Except that we plan on an initial rsync which we think might take a couple of days, then subsequent daily rsyncs for up to a week to keep it up to date till we stop the old database, rsync again, and start the new database.

A very rough approximation of our database would be half a dozen large tables taking up 1/3 of the disk space, and lots of indexes on those tables taking the other 2/3 of the space.

If we assume usage characteristics of:
Much less than 1% of indexed data changing per day, with almost all of those updates being within the 1% of most recently added data.
Much less than 1% of historical indexed data being deleted per day with most of the deletions expected to affect sets of contiguous file pages.
About 1% of new indexed data added per day

I'm curious of the impact of vacuum (automatic and manual) during that process on expected amount of work rsync will have to do, and time it will take, and on what the update pattern is on files of Btree indexes.

Is it worth making sure vacuum is not run, in order to reduce the amount of files that change during that period?

Do a number of additions evenly spread through the domain of an indexed field's values result in localized changes to the indexes files, or changes throughout the files?

How about for additions to the end of the domain of an indexed field's values (e.g. adding current dates)?

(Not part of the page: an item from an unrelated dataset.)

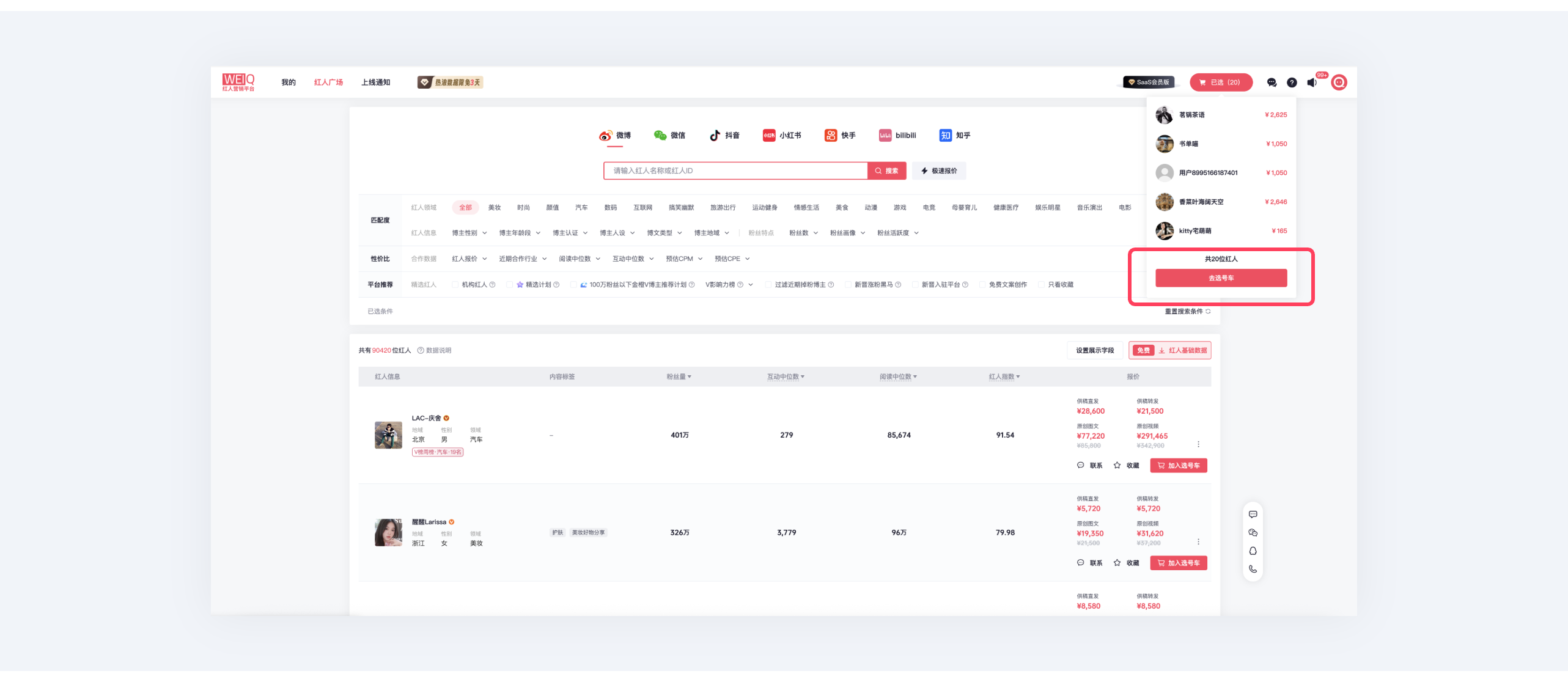 第二步:选择心仪账号加入选号车;点击【去选号车】,并选择心仪账号,点击右下方【立即预定】;

Is there any way during that week, that we can verify whether our partially completed database move process is going to result in a database that starts up ok?

Regards, Stephen Denne.
This email with any attachments is confidential and may be subject to legal privilege. If it is not intended for you please advise by replying immediately, destroy it and do not copy, disclose or use it in any way.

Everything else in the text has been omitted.